We are searching for a skilled DevOps engineer to join our team. The successful candidate will be responsible for developing and maintaining our AI-driven systems' operations, ensuring the reliability, scalability, and performance of our services. This role requires a deep understanding of AI, machine learning, data management, and systems administration.

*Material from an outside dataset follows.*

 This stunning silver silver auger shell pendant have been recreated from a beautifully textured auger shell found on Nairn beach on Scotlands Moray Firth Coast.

As a DevOps engineer, you will work closely with our software engineering and data engineering teams to facilitate continuous integration/continuous delivery (CI/CD) for AI models and to deploy AI-driven services in a scalable and maintainable manner.
• Manage the machine learning lifecycle for AI models from deployment to training to serving including data preparation, model training, tuning, optimization and release.

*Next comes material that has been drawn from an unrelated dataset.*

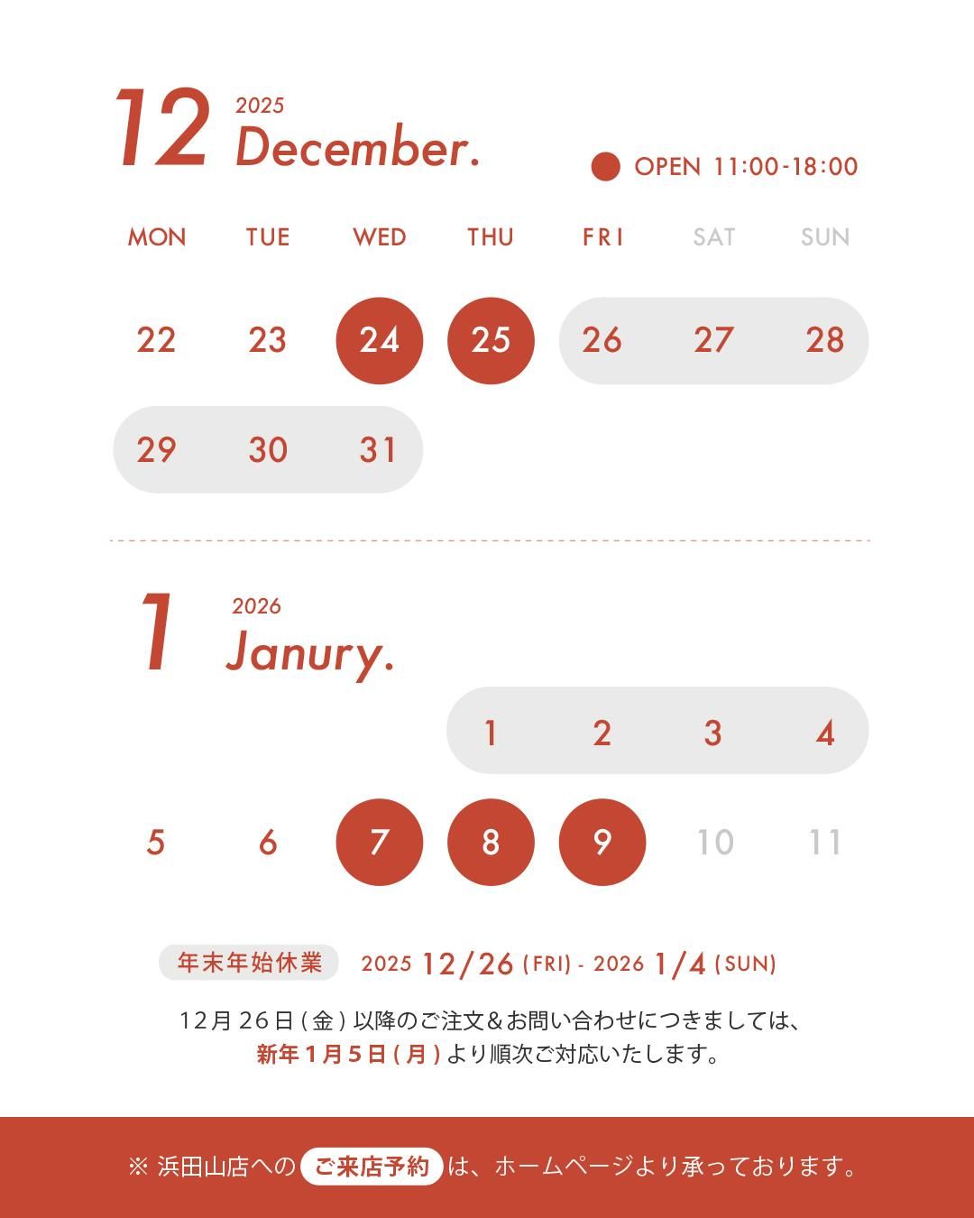 12月26日(金)以降のご注文及びお問い合わせにつきましては、新年1月5日(月)より順次ご対応させて頂きます。

• Develop and implement DevOps processes and best practices for ML workflows including CI/CD, monitoring, logging and infrastructure automation.
• Collaborate with software engineers to understand and address system requirements, and ensure smooth integration and deployment of AI models.
• Identify and fix issues related to performance, scalability, and reliability.
• Perform system troubleshooting and problem-solving across platform and application domains.
• Keep up-to-date with the latest industry trends in AI and DevOps.
• Evaluate and implement new tools and technologies to improve the efficiency of our operations.
• Minimum 3 years of experience in DevOps, with a focus on AI-based systems and applications.
• Bachelor's degree in computer science, software engineering, or a related field; advanced degree preferred.
• Strong understanding of machine learning, natural language processing (NLP) concepts, tools, and techniques, as well as their infrastructure requirements.
• Experience with systems and IT operations, including Linux/Unix administration and scripting languages (Python, Bash).
• Familiarity with modern deployment and automation tools, such as Jenkins, Docker, Kubernetes, Ansible, and Terraform.
• Proficiency in cloud services (AWS, Google Cloud, Azure) and managing scaled AI services in the cloud.
• Exceptional problem-solving skills and attention to details.
• Excellent communication and collaboration abilities.